Если честно, Ханс был совершенно безнравственным человеком, но, как говорят буры, «умный, как стадо обезьян». К тому же он безудержно напивался, когда представлялась такая возможность. Однако более преданного человека, чем он, найти было трудно. И совершенно точно не было ни одного человека – ни мужчины, ни женщины, – который бы любил меня больше.
Внешне он походил на древнего, состарившегося не по годам бабуина, его лицо, как высохший орех, было покрыто сетью морщин, а быстрые маленькие глазки были налиты кровью. Я не знал, сколько ему лет, но, думаю, больше, чем он сам себе приписывал. Годы лишь закалили его и сделали неутомимым. Двужильный Ханс лучше всех шел по следу и стрелял с расстояния ста пятидесяти ярдов из особенного одноствольного ружья, заряжающегося с дула, изготовленного Парди. Он называл его Интомби, что означает «девушка». Об этом ружье я уже писал в романе «Священный цветок».

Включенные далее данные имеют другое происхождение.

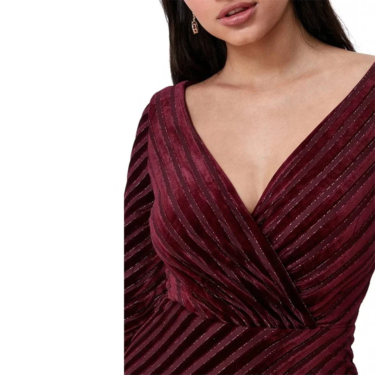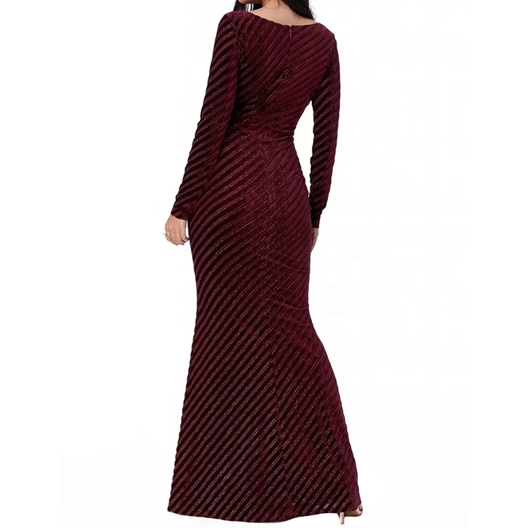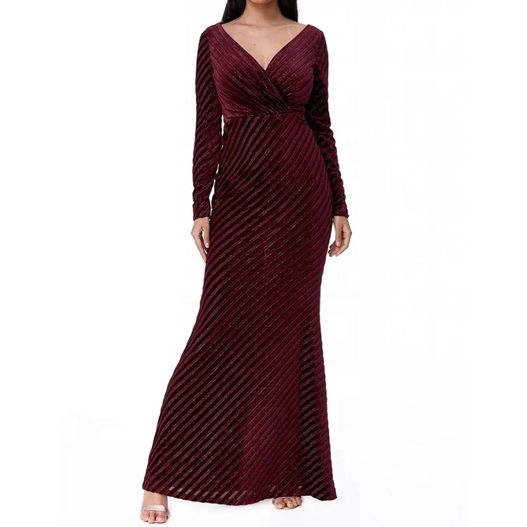 Boutique Manufacturer Custom Clothing Long Sleeve V-neck Fitted Velvet Women Maxi Mermaid Elegant Evening Dress 2025

– Что случилось, баас? – спросил он. – Здесь нет ни львов, ни другой дичи.
– Взгляни в те заросли, Ханс.
Сделав широкий круг, он скользнул туда и увидел змею, которая, я думаю, была самой крупной мамбой, убитой мной. Внезапно он замер, напомнив мне пойнтера, выслеживавшего дичь. Убедившись, что змея мертва, он кивнул и сказал:
– Черная мамба, или как вы там ее называете. Хотя я думаю, что это кое-что похуже.
– Что еще, Ханс?
– Один из тех духов, которых старый Зикали присылает к входу в ущелье, чтобы те предупреждали его о том, кто приходит или уходит. Я хорошо это знаю, другие тоже. Я слышал ваш разговор вчера, когда стоял за камнем.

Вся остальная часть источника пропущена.